Federal GSA Opts For Building Exchange P3s

DALLAS — The federal General Services Administration plans to swap FBI headquarters in Washington and other old office buildings on valuable land for modern, more efficient facilities through public-private partnerships, the agency’s administrator said Tuesday at a congressional hearing.

GSA’s Dan Tangherlini said taxpayers would benefit from the proposed exchange of the 40-year old J. Edgar Hoover Building for a new FBI headquarters and finding private partners to redevelop a complex of obsolete federal facilities south of the National Mall.

“We’ll leverage old buildings for new ones,” Tangherlini said at  the hearing, which was held by the House Transportation and Infrastructure Committee’s economic development, public buildings and emergency management subcommittee.

The GSA, last December, issued separate requests for information to developers interested in the FBI building swap and the proposed P3 redevelopment of the 35-acre Federal Triangle South office complex in southwest Washington near L’Enfant Plaza.

There were 38 responses to the FBI project. A proposal was issued Nov. 15 by GSA seeking developers to swap or sell land in the District or its suburbs in exchange for the right to raze the Hoover building and develop the site.

“GSA seeks to identify sites that would be acceptable to include in a future competitive procurement that will provide the best deal for taxpayers,” the request said.

The Hoover Building is crowded and outmoded, Tangherlini said. It is too small to accommodate the FBI’s 36,000 employees and is energy inefficient and costly to maintain, he said.

Subcommittee chairman Rep. Lou Barletta, R-Pa. told Tangherlini he is concerned that GSA will use the P3 swaps to build new facilities without going through the appropriations process or other congressional oversight.

The exchange authority came through legislation, Tangherlini said. It has been used dozens of times, he said, most recently last year when GSA swapped some land at Brooke Army Medical Center in San Antonio for the construction of a parking garage.

“We won’t do anything secretly or behind closed doors,” Tangherlini said. “We will do these through public requests for information and for proposals.”

Ten responses were received for the Federal Triangle South information request, Tangherlini said.

Requests for proposals from private partners for the Federal Triangle South redevelopment project will be issued by late January.

The Federal Triangle South project will transform a sterile, single-use enclave of office buildings with a mixed-use neighborhood of residences and retail that connects the National Mall with the new Southwest Waterfront development, Tangherlini said.

Federal budget constraints have hampered GSA in its effort to acquire modern facilities and maintain existing buildings, he said, and P3s are one solution.

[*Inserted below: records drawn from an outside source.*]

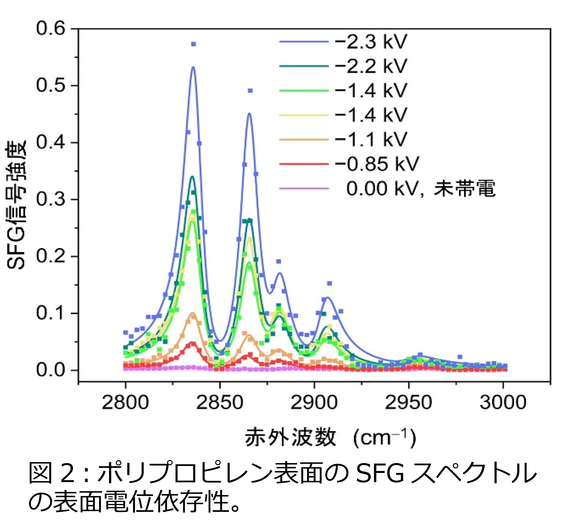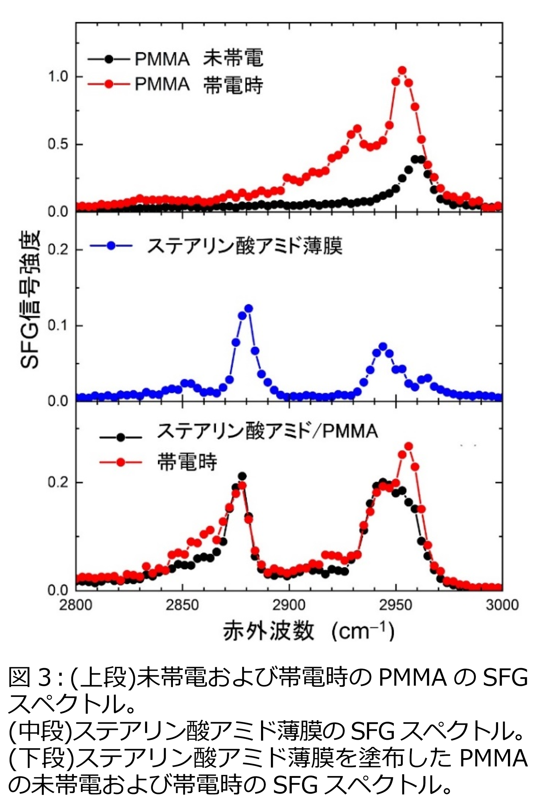 さらに、ポリメチルメタクリレート(PMMA・アクリル樹脂)の上に、有機薄膜としてステアリン酸アミドを薄く塗布した試料を用いて帯電によるSFGスペクトルを調べてみると、帯電することによって、有機薄膜で覆われている内側のPMMAに由来するSFGの信号強度が増加していることが認められました(図3)。これは、試料の帯電によって表面に存在する電荷に由来する電界が、有機薄膜に留まらず、下地となっているPMMA試料の内部にまで広がっていることを示しています。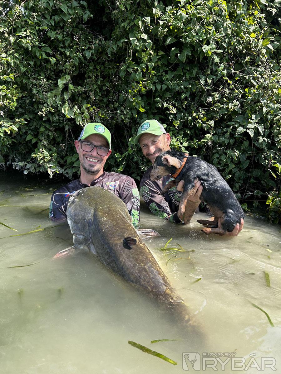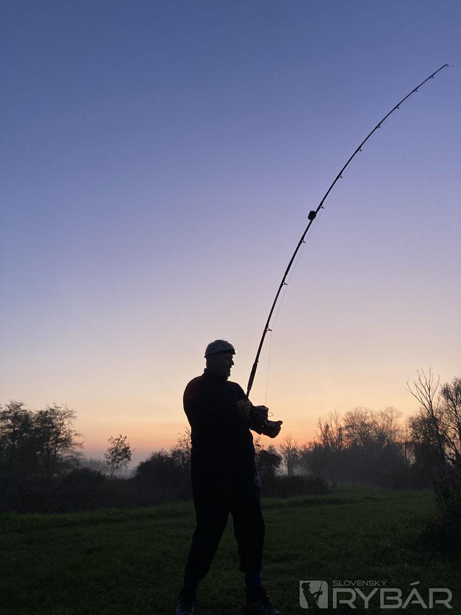Slnko zapadlo, idem si do bivaku po čelovku a kým ju hľadám v taške, dostávam zrazu razantný záber na strednú udicu. Trhací vlasec s priemerom 0,38 mm praská a ja mám na mojej 2,75 m udici celkom slušného fúzatého súpera. Vyzdolávam ho k brehu a tesne predtým, ako idem sumca uchopiť do rukavice, zrazu sa začne ohýbať Radova vrchná udica. V tej chvíli som si začínal uvedomovať, že túto noc sa asi veľmi nevyspíme, no užijeme si super rybačku... (s Radom sme už pred dvoma rokmi v septembri zažili noc, keď sme premenili 11 záberov z 15, a pritom to bola noc, keď som o pol štvrtej vystúpil z člna, že odmietam už vyvážať a potrebujem si aspoň chvíľu pospať... ). Zdolané sumce sú takmer totožné a obidvom zachutil nastražený karas na montáži pozostávajúcej z jedného trojháčika vo veľkosti 1/0 a jednoháčika 5/0. Možno to niekoho prekvapí, ale bežne používam malé sumcové háčiky, keď jednoháčik pichám rybke tesne pod chrbtovú plutvu a trojháčik nechávam voľne opretý o bok nastraženej rybky. Tým, že to viažem na fluorocarbon, mám istotu, že sa to nezamotá a nemá to v tečúcej vode žiadnu vibráciu, ktorá by mohla sumca odradiť.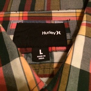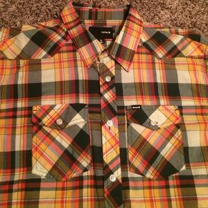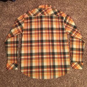 This button down is forest green with white, orange, yellow and red strips. Worn a few times but looks brand new.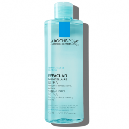 La Roche Posay Effaclar Agua Micelar Ultra es un producto de cuidado facial que se presenta en un envase de 400 ml. Se trata de un agua micelar especialmente formulada para pieles grasas y sensibles, que combina una limpieza efectiva con una alta tolerancia dermatológica.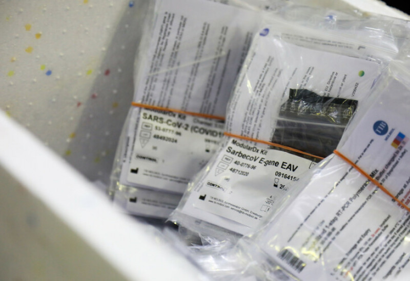 viral por RT-PCR (tipo de exame) e coleta de cinco mililitros de sangue para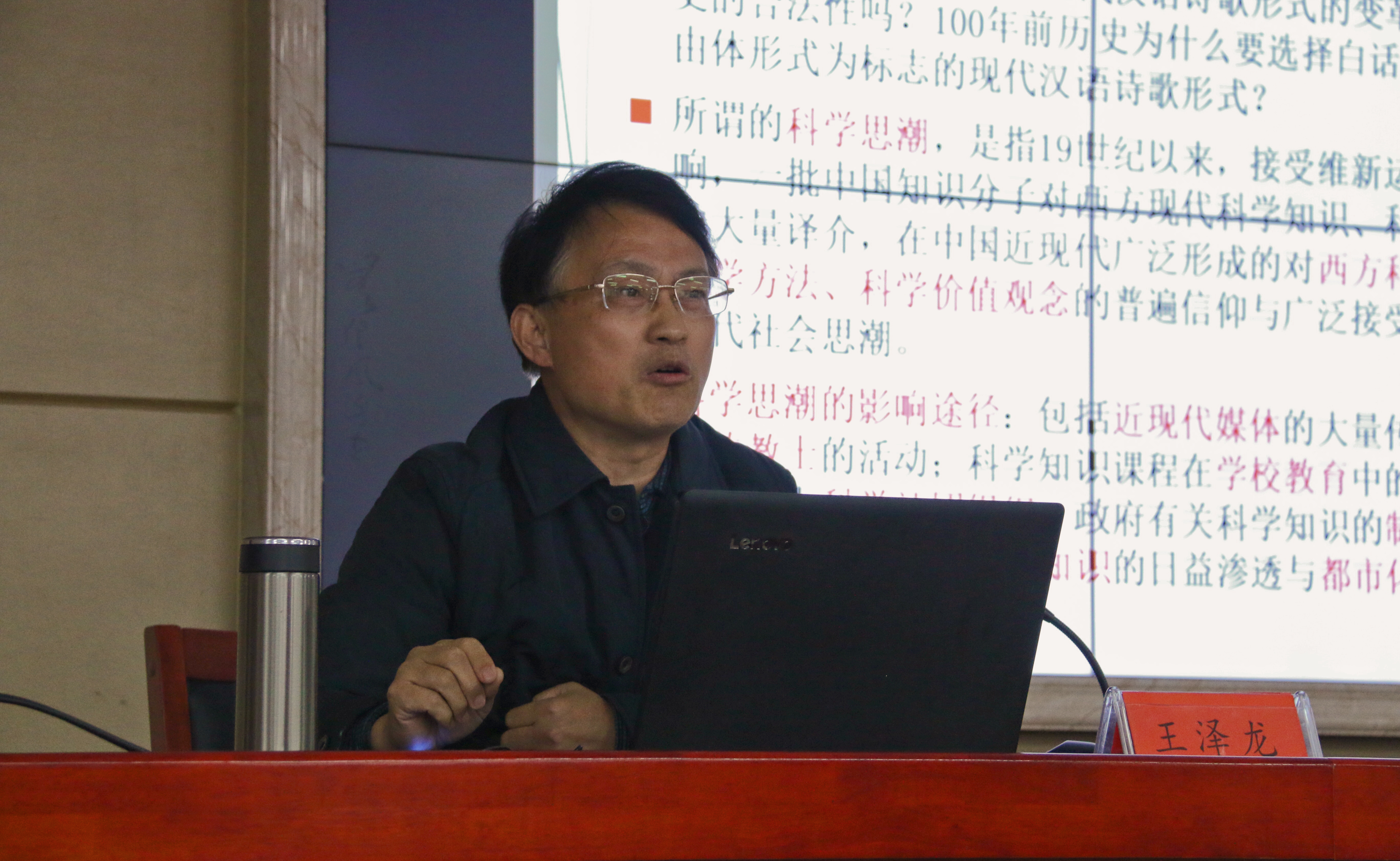 讲座现场座无虚席,王泽龙教授首先提出了“中国现代汉语诗歌形式的变革历史有合法性吗?一百年前历史为什么选择白话文、自由体形式为标志的现代汉语诗歌形式?”的问题,引起听众的思考。对此,王教授给出了自己的回答:中国现代汉语诗歌形式的变革,科学思潮的影响是一个极为重要的因素。本次讲座,王教授将自己经过多年思考,研究得出的结论,与大家进行交流。

GSA is also considering public-private partnerships to redevelop under-used federal buildings in Los Angeles and Miami, Tangherlini said.

The Federal Triangle South project is attractive to private investors, said David Winstead, a lawyer at Ballard Spahr LLP who was representing the Public Development and Infrastructure Council of the Urban Land Institute.

“There’s a lot of investor enthusiasm about Federal Triangle South,” he said. “This is a viable project. It is doable.”

The complex south of the National Mall includes offices of the Department of Energy, Federal Aviation Administration, and GSA. One building in the complex, the Cotton Annex, has been vacant for at least six years.

The Federal Triangle South project could be a template for federal P3 efforts across the country, Barletta said.

“If done correctly, redevelopment of this area, leveraging private investment, could benefit the federal taxpayer, the tenant agencies, as well as the local community,” he said.